IT MAY BE RIGHT TO KILL A SOVEREIGN

King Hsuan asked Mencius, "Is it true that Thang banished his own sovereign, Kieh [the last king of the Hsia dynasty], and that Wu attacked the tyrant Emperor Kau-hsin and slew him?" "It is true," said Mencius, "for it is so written in the 'Shu King.' But if a sovereign acts as Kieh did he is no longer a sovereign but a robber, and to be dealt with as such. And if a ruler is, like Kau-hsin, the enemy of his people, he is no longer their ruler, and therefore to be put out of the way, and how better than by death?"

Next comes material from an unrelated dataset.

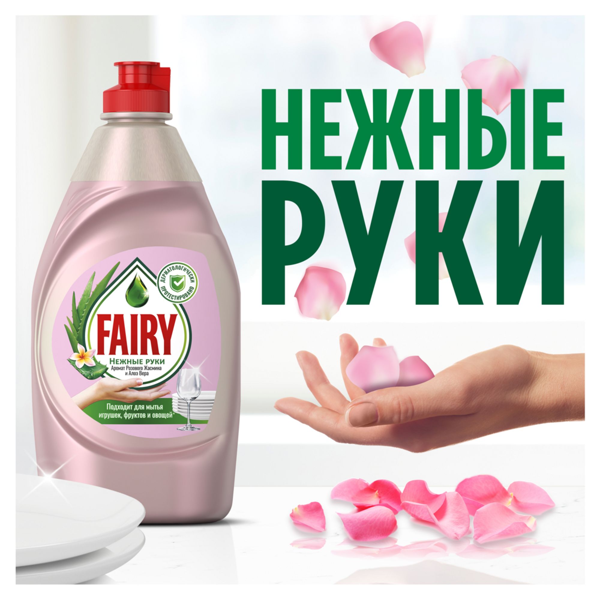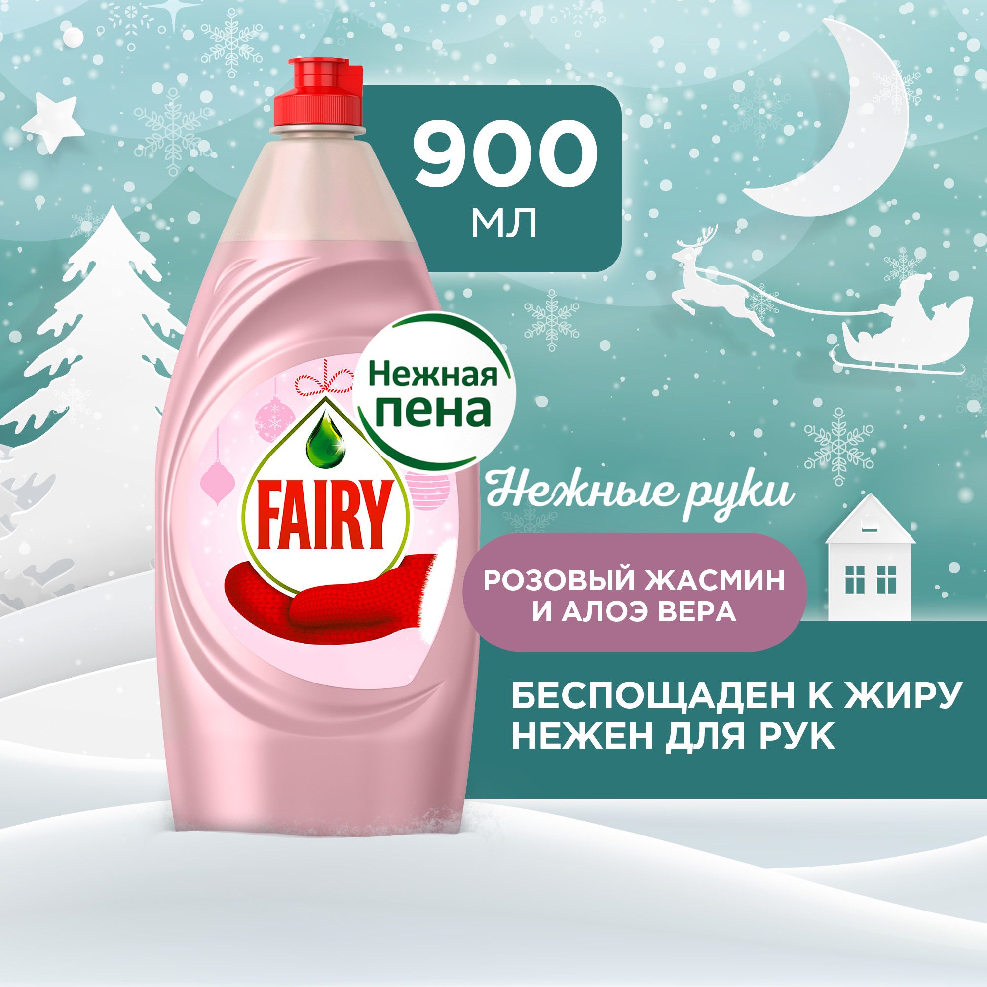 Средство для мытья посуды Fairy Нежные руки. Розовый Жасмин и Алоэ Вера, 900 мл

THE GIFTS THAT MAY AND THOSE THAT MAY NOT BE ACCEPTED

Chan Tsin spoke to Mencius as follows:

"The King of Chi once offered thee a present and thou declinedst it, but didst accept gifts offered at Sung and at Hsieh. Why this inconsistency? If it were right to refuse in the first case it was equally right to refuse in the other two. If it were right to accept in the latter two cases, it was equally right to accept in the first case." The philosopher answered, "I acted rightly and consistently. The gifts at Sung were to provide me with what was needed for a long journey which I was about to undertake. Why should I refuse such gifts when needed? At Hsieh I was in some personal danger and needed help to procure the means of self-defence. The gifts were to enable me to procure arms. Why should I have refused such needed help? But at Chi I needed no money, and therefore refused it when offered, for to accept money when it is not needed is to accept a bribe. Why should I take such money?"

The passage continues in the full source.